A couple of days ago, I used my blog to show that allowing commercial banks to create money and charge interest is a sure recipe for disaster (see "The Money Creation Racket must end"). I gave the example of an island where a commercial bank is allowed to create €1,000,000 of money, which it lends to the population at 5% interest. Irrespective of how things are run, the inevitable consequence is that after 20 years or so, the bankers control the economy. Either they use the interest payments to pay themselves huge salaries, which they can then spend back into the economy, or their create more money every year to provide the population with enough new money to pay the interest on the previous loans.
I mentioned one further variant in which the bankers not only create enough new money every year to both cover the interest payments, and give people enough extra money to give them the impression that things are improving.
To make the story clear, I decided to fill in the details of this. The table shows what would happen if the bank loans out enough money to allow the interest for the previous year, but in addition provide a roughly 2% increase in the free money - what I call "People's Money".
You can see that the population does indeed get an increase in the amount of available cash - increasing from €950,000 at the end of year one, to over €1,350,000 after 20 years. This would allow them to get a 2% increase in salary every year. Great! But, at the same time, the total money supply is going through the roof - increasing from €1,000,000 in year one to €3,335,961 after 20 years. The really critical feature is that nearly €2 million of that money has been paid to the bank in interest charges - meaning that the bank now has nearly 60% of the entire economy.
The consequences of this will depend on what the bank does with all the money it rakes in. If it spends the money back into the system, then the automatic consequence will be inflation. Goods that could be bought for €10 in year one, will probably cost nearly 3 times as much after 20 years. Alternatively, it could just hoard the money or transfer it to some other island.

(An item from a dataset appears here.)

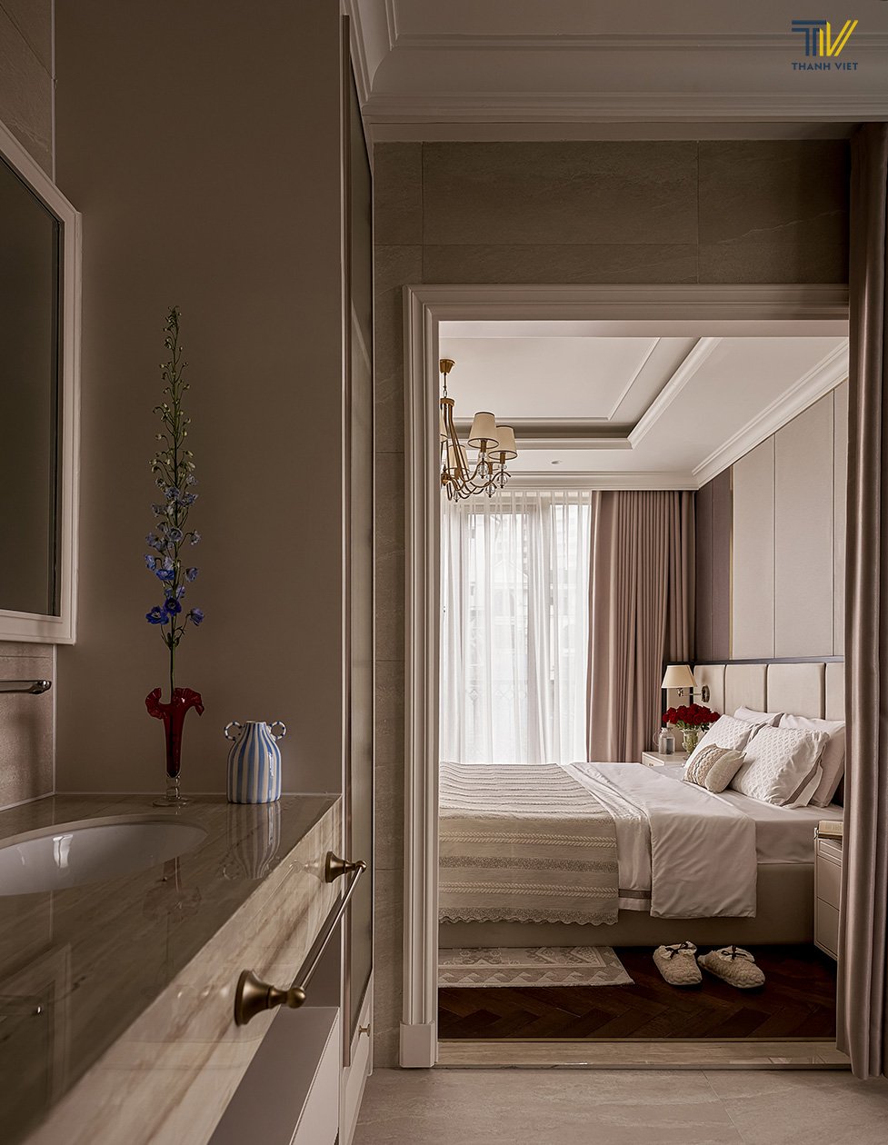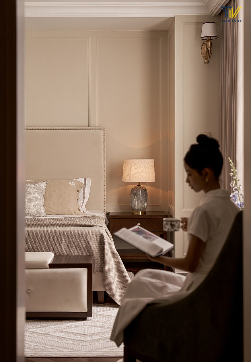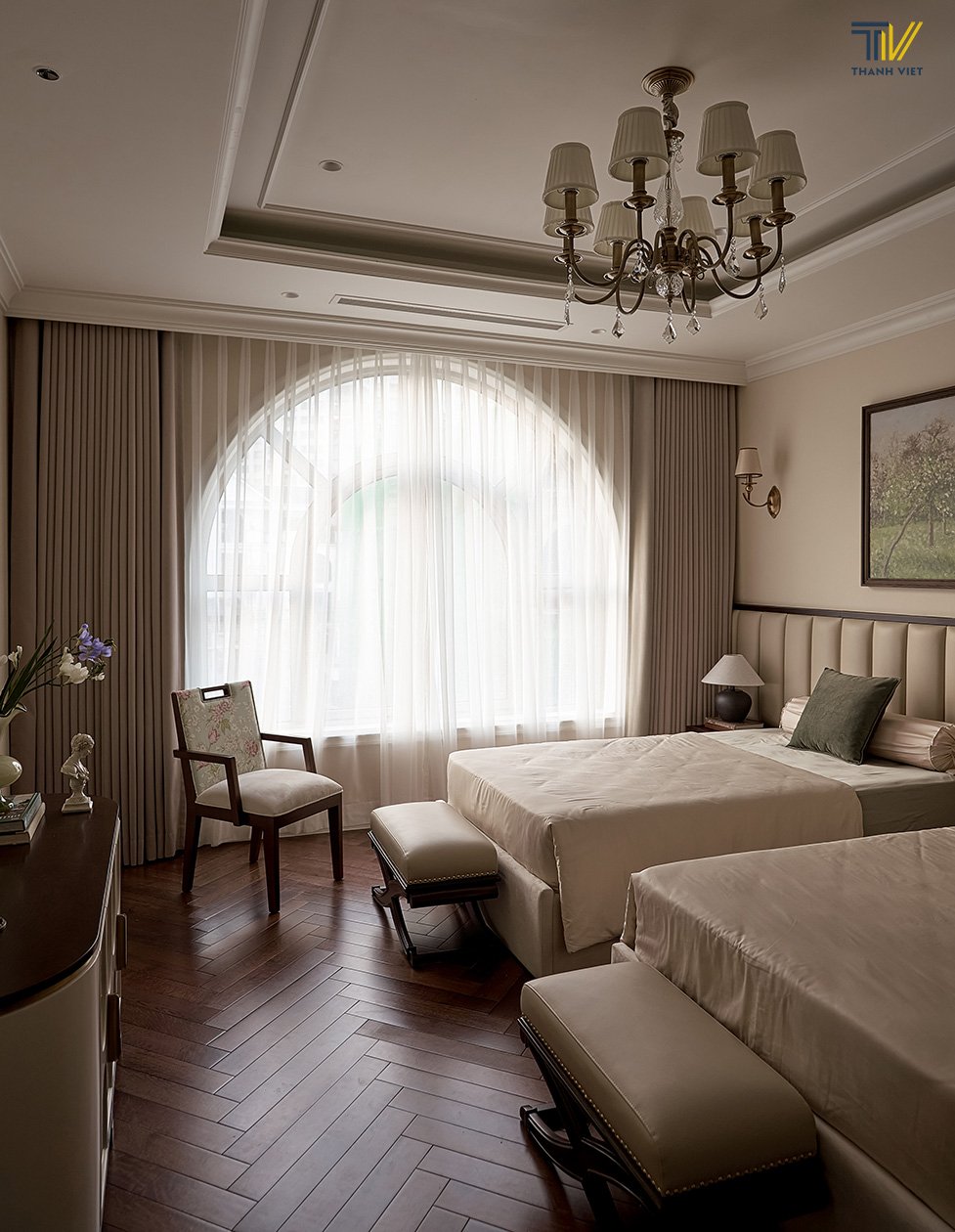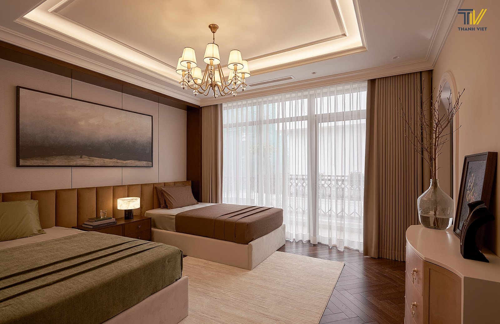 Phòng ngủ Twin tầng 3 càng khẳng định sự khác biệt của mô hình biệt thự công sở mà Thanh Viet Interior đã mang lại - nơi mà mỗi chi tiết đều được "đo ni" cho những chuyến công tác.

But perhaps even more importantly, having all that money gives the bank the power to pay anyone who might threaten to derail the gravy train by exposing the scam. That allows them to keep the system going for their benefit. You can imagine that it would be particularly important to pay the politicians, economists and journalists enough to keep the scheme out of the spotlight.
I would just love to hear anyone trying to defend the current money creation system - a system in which the money supply is created by commercial banks with interest attached. I am certain that anyone who tries to convince us that it makes sense to do things that way is either (a) stupid, or (b) being paid to keep the gravy train going.
It is definitely time to put an end to this fiasco.